▸ Required work
Print the data below again in full, exactly as it stands, with no images.

Saved data entries

----------

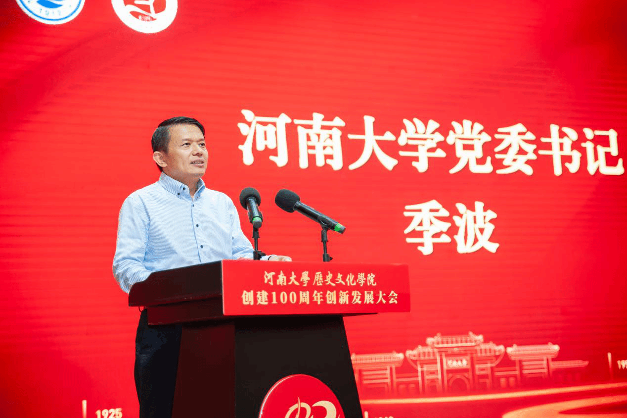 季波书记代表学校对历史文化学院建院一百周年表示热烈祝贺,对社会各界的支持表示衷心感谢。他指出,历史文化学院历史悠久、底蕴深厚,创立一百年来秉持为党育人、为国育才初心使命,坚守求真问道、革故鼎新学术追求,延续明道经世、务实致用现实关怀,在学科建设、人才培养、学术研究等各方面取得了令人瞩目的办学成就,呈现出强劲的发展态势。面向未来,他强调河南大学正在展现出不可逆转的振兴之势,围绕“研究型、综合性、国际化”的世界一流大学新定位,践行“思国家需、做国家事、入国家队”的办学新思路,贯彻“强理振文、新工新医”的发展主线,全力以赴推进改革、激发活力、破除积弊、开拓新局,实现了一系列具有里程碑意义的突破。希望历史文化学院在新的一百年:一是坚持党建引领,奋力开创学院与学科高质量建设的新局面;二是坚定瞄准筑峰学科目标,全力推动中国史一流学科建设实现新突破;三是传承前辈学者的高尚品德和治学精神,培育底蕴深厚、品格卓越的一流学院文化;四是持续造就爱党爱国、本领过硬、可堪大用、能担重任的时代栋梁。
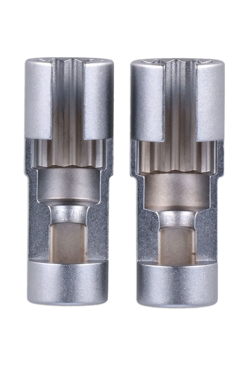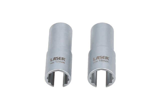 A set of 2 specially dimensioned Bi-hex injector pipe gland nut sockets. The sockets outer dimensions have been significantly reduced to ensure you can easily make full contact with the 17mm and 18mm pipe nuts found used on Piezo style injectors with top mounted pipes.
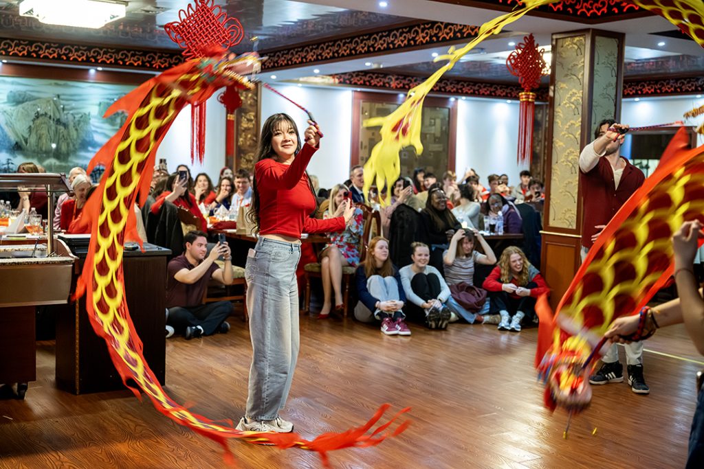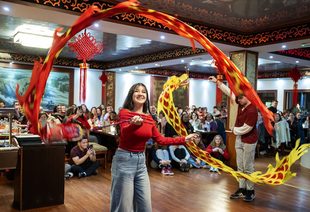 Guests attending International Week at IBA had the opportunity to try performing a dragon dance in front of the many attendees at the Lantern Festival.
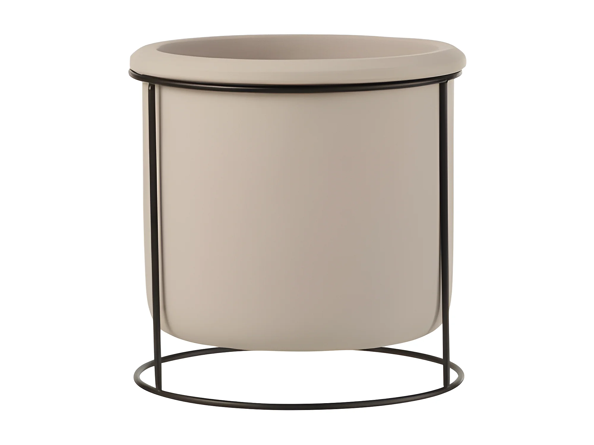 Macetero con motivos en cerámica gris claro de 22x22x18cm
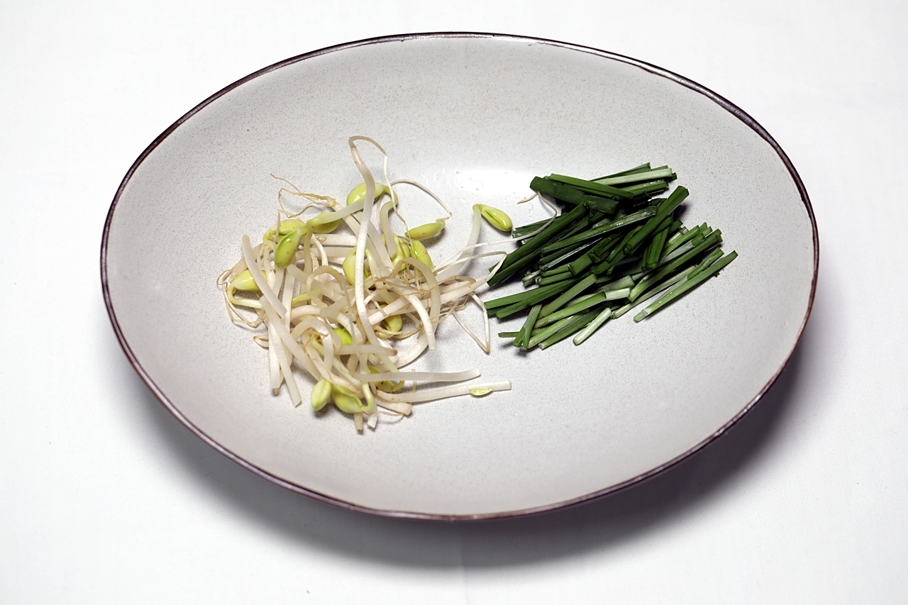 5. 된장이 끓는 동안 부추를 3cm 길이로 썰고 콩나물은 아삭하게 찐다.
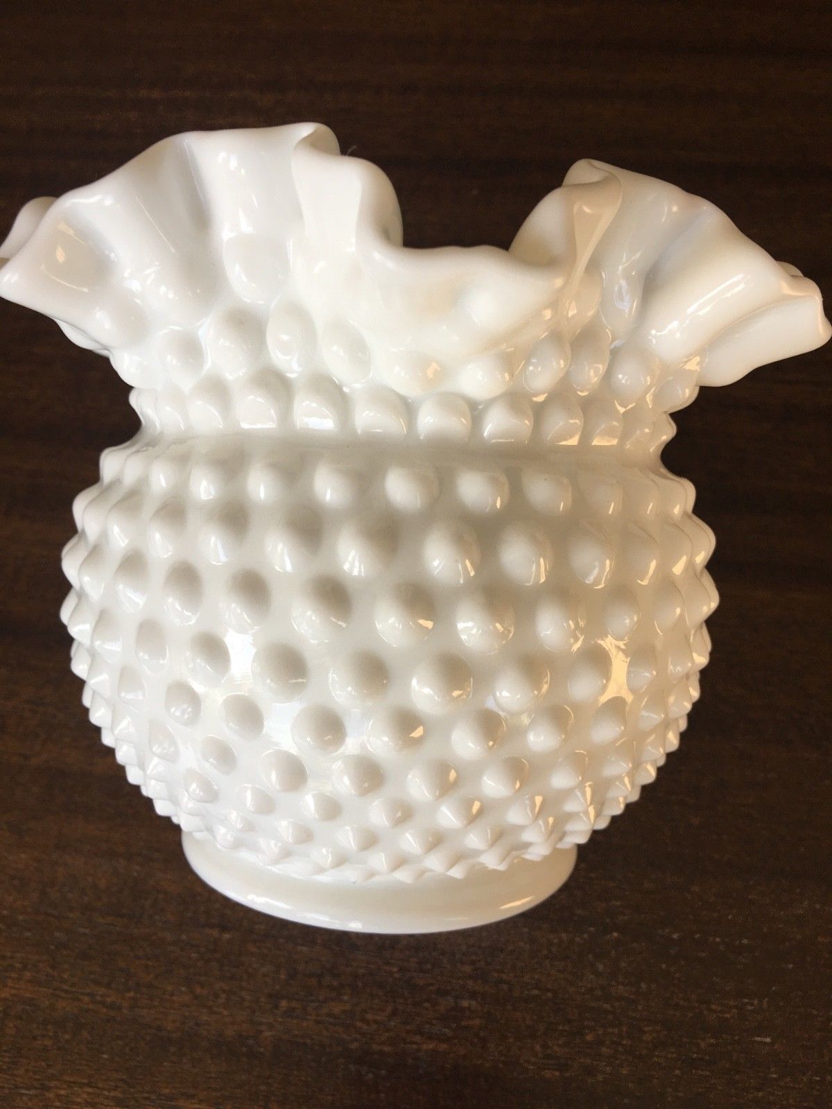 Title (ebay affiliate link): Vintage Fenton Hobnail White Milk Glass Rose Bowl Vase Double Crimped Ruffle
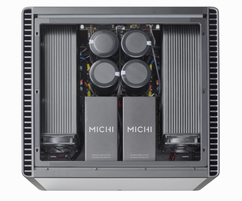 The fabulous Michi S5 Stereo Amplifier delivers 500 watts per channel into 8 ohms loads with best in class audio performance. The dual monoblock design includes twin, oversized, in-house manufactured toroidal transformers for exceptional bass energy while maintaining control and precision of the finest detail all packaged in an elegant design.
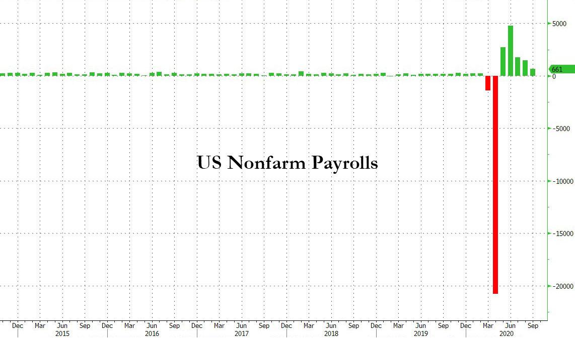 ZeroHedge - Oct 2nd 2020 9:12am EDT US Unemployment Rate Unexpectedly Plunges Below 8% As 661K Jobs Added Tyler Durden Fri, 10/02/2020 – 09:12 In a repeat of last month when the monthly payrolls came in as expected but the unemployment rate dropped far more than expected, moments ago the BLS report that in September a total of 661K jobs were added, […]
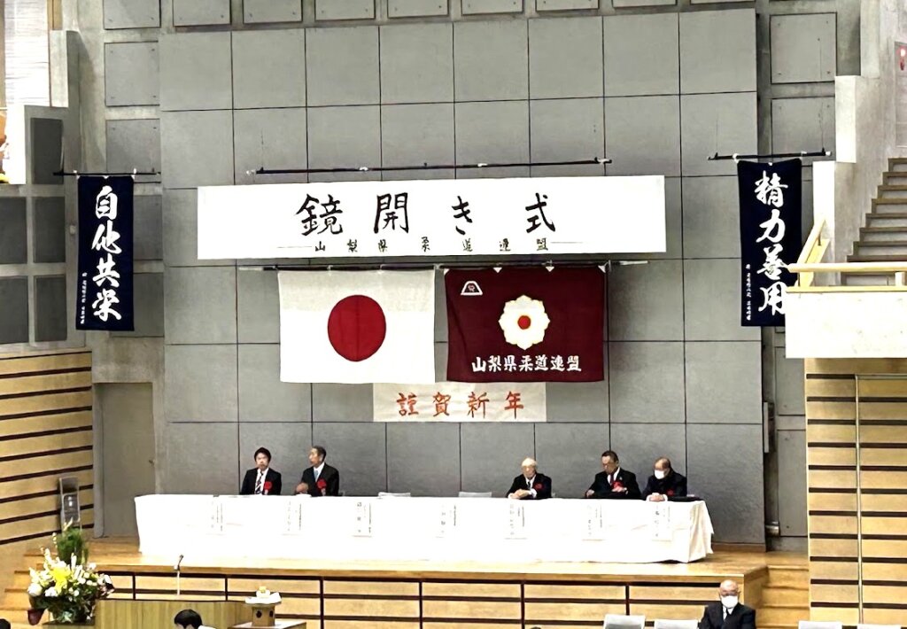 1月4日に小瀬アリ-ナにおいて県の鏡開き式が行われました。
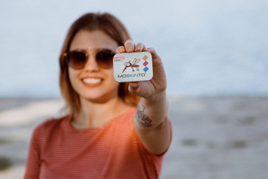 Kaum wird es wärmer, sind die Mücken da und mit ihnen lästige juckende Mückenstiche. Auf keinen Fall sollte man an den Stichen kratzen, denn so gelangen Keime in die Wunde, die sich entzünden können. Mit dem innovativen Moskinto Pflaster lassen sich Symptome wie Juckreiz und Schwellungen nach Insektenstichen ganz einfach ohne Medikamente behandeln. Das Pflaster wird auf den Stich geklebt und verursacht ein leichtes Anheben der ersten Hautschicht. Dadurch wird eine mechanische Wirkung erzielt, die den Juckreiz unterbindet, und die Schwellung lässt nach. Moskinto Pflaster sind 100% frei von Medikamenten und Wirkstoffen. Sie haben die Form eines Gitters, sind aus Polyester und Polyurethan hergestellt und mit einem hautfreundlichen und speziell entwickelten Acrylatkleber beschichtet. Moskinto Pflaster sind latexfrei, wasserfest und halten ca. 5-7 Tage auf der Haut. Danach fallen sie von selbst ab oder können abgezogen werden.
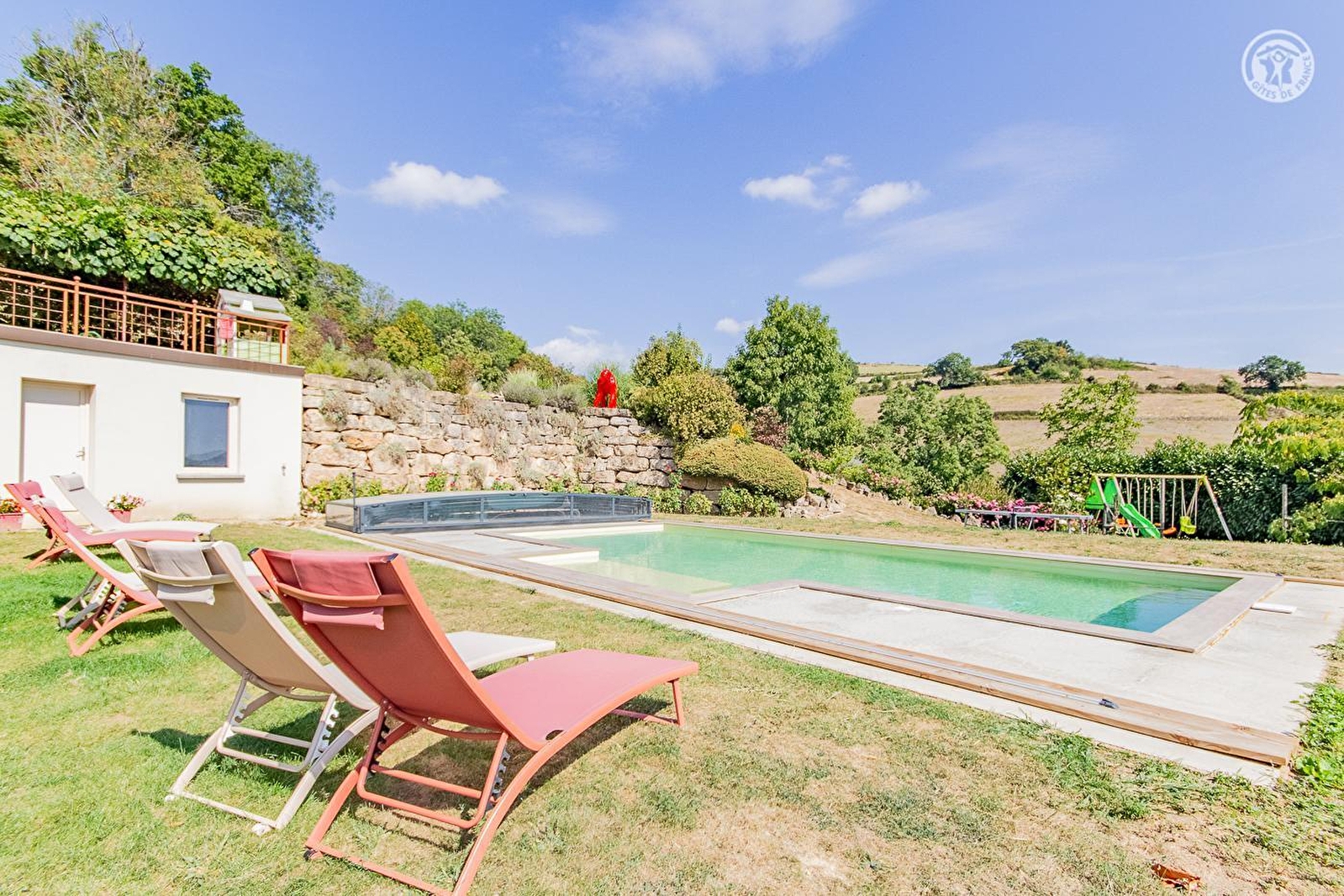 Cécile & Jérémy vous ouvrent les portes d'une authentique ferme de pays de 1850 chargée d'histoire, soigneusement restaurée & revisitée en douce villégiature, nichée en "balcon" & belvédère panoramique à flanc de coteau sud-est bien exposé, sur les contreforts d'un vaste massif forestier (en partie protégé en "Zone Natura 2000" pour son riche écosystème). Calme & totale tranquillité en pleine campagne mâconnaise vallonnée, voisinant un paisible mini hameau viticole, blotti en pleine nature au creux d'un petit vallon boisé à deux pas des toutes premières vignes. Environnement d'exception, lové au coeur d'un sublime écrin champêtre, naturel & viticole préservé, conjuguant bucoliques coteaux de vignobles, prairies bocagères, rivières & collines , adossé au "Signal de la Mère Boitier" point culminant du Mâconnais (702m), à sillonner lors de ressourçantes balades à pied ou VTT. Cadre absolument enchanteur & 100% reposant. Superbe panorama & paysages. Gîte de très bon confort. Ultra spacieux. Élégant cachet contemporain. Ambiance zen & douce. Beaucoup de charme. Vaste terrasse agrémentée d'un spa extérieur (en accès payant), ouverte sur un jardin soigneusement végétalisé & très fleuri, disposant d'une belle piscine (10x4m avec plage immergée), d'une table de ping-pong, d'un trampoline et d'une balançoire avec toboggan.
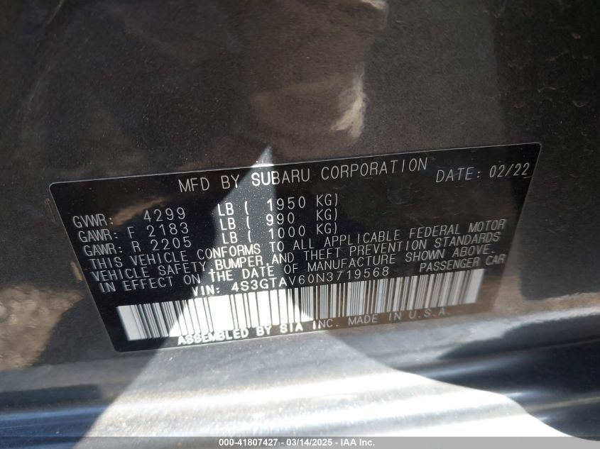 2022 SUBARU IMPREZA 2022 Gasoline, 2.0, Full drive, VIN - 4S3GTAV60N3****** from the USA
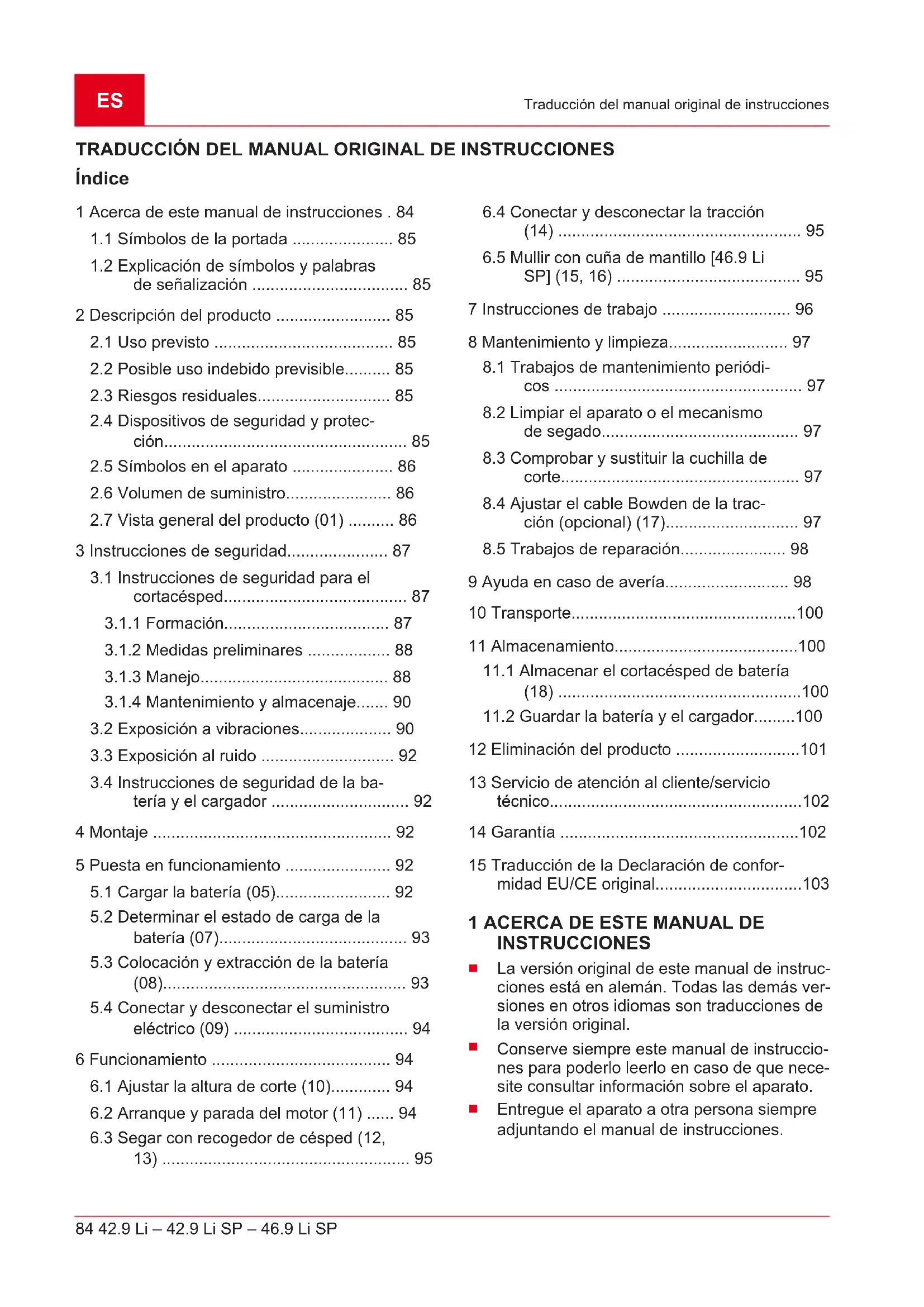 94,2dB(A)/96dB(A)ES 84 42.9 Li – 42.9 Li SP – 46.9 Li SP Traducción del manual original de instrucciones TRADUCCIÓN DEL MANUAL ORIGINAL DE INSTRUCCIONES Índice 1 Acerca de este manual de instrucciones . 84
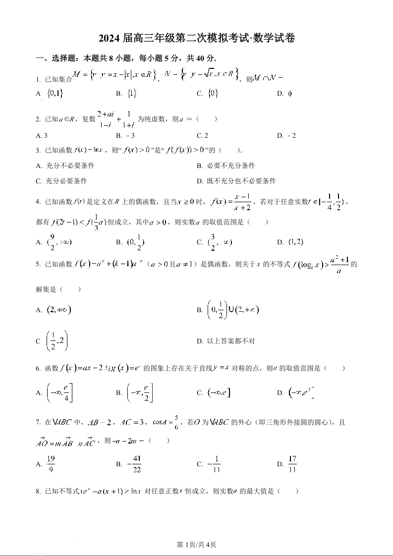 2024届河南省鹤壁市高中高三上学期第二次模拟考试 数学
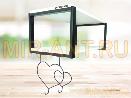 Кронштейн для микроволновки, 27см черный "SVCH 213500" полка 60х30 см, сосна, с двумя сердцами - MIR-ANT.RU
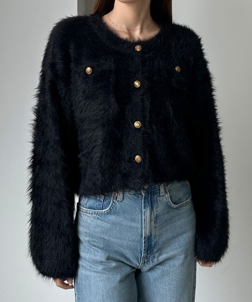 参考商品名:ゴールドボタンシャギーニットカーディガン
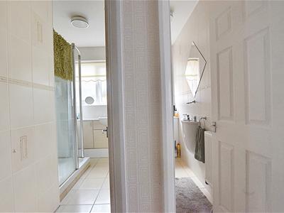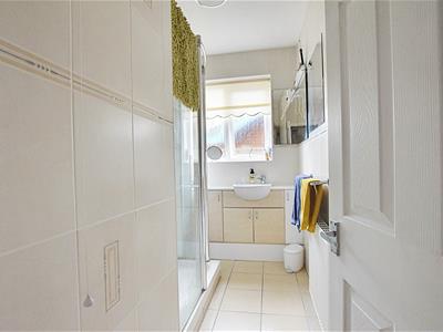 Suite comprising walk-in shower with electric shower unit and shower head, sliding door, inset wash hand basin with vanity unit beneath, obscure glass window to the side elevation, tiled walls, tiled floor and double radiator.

----------

▸ Output of the task
 季波书记代表学校对历史文化学院建院一百周年表示热烈祝贺,对社会各界的支持表示衷心感谢。他指出,历史文化学院历史悠久、底蕴深厚,创立一百年来秉持为党育人、为国育才初心使命,坚守求真问道、革故鼎新学术追求,延续明道经世、务实致用现实关怀,在学科建设、人才培养、学术研究等各方面取得了令人瞩目的办学成就,呈现出强劲的发展态势。面向未来,他强调河南大学正在展现出不可逆转的振兴之势,围绕“研究型、综合性、国际化”的世界一流大学新定位,践行“思国家需、做国家事、入国家队”的办学新思路,贯彻“强理振文、新工新医”的发展主线,全力以赴推进改革、激发活力、破除积弊、开拓新局,实现了一系列具有里程碑意义的突破。希望历史文化学院在新的一百年:一是坚持党建引领,奋力开创学院与学科高质量建设的新局面;二是坚定瞄准筑峰学科目标,全力推动中国史一流学科建设实现新突破;三是传承前辈学者的高尚品德和治学精神,培育底蕴深厚、品格卓越的一流学院文化;四是持续造就爱党爱国、本领过硬、可堪大用、能担重任的时代栋梁。
 A set of 2 specially dimensioned Bi-hex injector pipe gland nut sockets. The sockets outer dimensions have been significantly reduced to ensure you can easily make full contact with the 17mm and 18mm pipe nuts found used on Piezo style injectors with top mounted pipes.
 Guests attending International Week at IBA had the opportunity to try performing a dragon dance in front of the many attendees at the Lantern Festival.
 Macetero con motivos en cerámica gris claro de 22x22x18cm
 5. 된장이 끓는 동안 부추를 3cm 길이로 썰고 콩나물은 아삭하게 찐다.
 Title (ebay affiliate link): Vintage Fenton Hobnail White Milk Glass Rose Bowl Vase Double Crimped Ruffle
 The fabulous Michi S5 Stereo Amplifier delivers 500 watts per channel into 8 ohms loads with best in class audio performance. The dual monoblock design includes twin, oversized, in-house manufactured toroidal transformers for exceptional bass energy while maintaining control and precision of the finest detail all packaged in an elegant design.
 ZeroHedge - Oct 2nd 2020 9:12am EDT US Unemployment Rate Unexpectedly Plunges Below 8% As 661K Jobs Added Tyler Durden Fri, 10/02/2020 – 09:12 In a repeat of last month when the monthly payrolls came in as expected but the unemployment rate dropped far more than expected, moments ago the BLS report that in September a total of 661K jobs were added, […]
 1月4日に小瀬アリ-ナにおいて県の鏡開き式が行われました。
 Kaum wird es wärmer, sind die Mücken da und mit ihnen lästige juckende Mückenstiche. Auf keinen Fall sollte man an den Stichen kratzen, denn so gelangen Keime in die Wunde, die sich entzünden können. Mit dem innovativen Moskinto Pflaster lassen sich Symptome wie Juckreiz und Schwellungen nach Insektenstichen ganz einfach ohne Medikamente behandeln. Das Pflaster wird auf den Stich geklebt und verursacht ein leichtes Anheben der ersten Hautschicht. Dadurch wird eine mechanische Wirkung erzielt, die den Juckreiz unterbindet, und die Schwellung lässt nach. Moskinto Pflaster sind 100% frei von Medikamenten und Wirkstoffen. Sie haben die Form eines Gitters, sind aus Polyester und Polyurethan hergestellt und mit einem hautfreundlichen und speziell entwickelten Acrylatkleber beschichtet. Moskinto Pflaster sind latexfrei, wasserfest und halten ca. 5-7 Tage auf der Haut. Danach fallen sie von selbst ab oder können abgezogen werden.
 Cécile & Jérémy vous ouvrent les portes d'une authentique ferme de pays de 1850 chargée d'histoire, soigneusement restaurée & revisitée en douce villégiature, nichée en "balcon" & belvédère panoramique à flanc de coteau sud-est bien exposé, sur les contreforts d'un vaste massif forestier (en partie protégé en "Zone Natura 2000" pour son riche écosystème). Calme & totale tranquillité en pleine campagne mâconnaise vallonnée, voisinant un paisible mini hameau viticole, blotti en pleine nature au creux d'un petit vallon boisé à deux pas des toutes premières vignes. Environnement d'exception, lové au coeur d'un sublime écrin champêtre, naturel & viticole préservé, conjuguant bucoliques coteaux de vignobles, prairies bocagères, rivières & collines , adossé au "Signal de la Mère Boitier" point culminant du Mâconnais (702m), à sillonner lors de ressourçantes balades à pied ou VTT. Cadre absolument enchanteur & 100% reposant. Superbe panorama & paysages. Gîte de très bon confort. Ultra spacieux. Élégant cachet contemporain. Ambiance zen & douce. Beaucoup de charme. Vaste terrasse agrémentée d'un spa extérieur (en accès payant), ouverte sur un jardin soigneusement végétalisé & très fleuri, disposant d'une belle piscine (10x4m avec plage immergée), d'une table de ping-pong, d'un trampoline et d'une balançoire avec toboggan.
 2022 SUBARU IMPREZA 2022 Gasoline, 2.0, Full drive, VIN - 4S3GTAV60N3****** from the USA
 94,2dB(A)/96dB(A)ES 84 42.9 Li – 42.9 Li SP – 46.9 Li SP Traducción del manual original de instrucciones TRADUCCIÓN DEL MANUAL ORIGINAL DE INSTRUCCIONES Índice 1 Acerca de este manual de instrucciones . 84
 2024届河南省鹤壁市高中高三上学期第二次模拟考试 数学
 Кронштейн для микроволновки, 27см черный "SVCH 213500" полка 60х30 см, сосна, с двумя сердцами - MIR-ANT.RU
 参考商品名:ゴールドボタンシャギーニットカーディガン
 Suite comprising walk-in shower with electric shower unit and shower head, sliding door, inset wash hand basin with vanity unit beneath, obscure glass window to the side elevation, tiled walls, tiled floor and double radiator.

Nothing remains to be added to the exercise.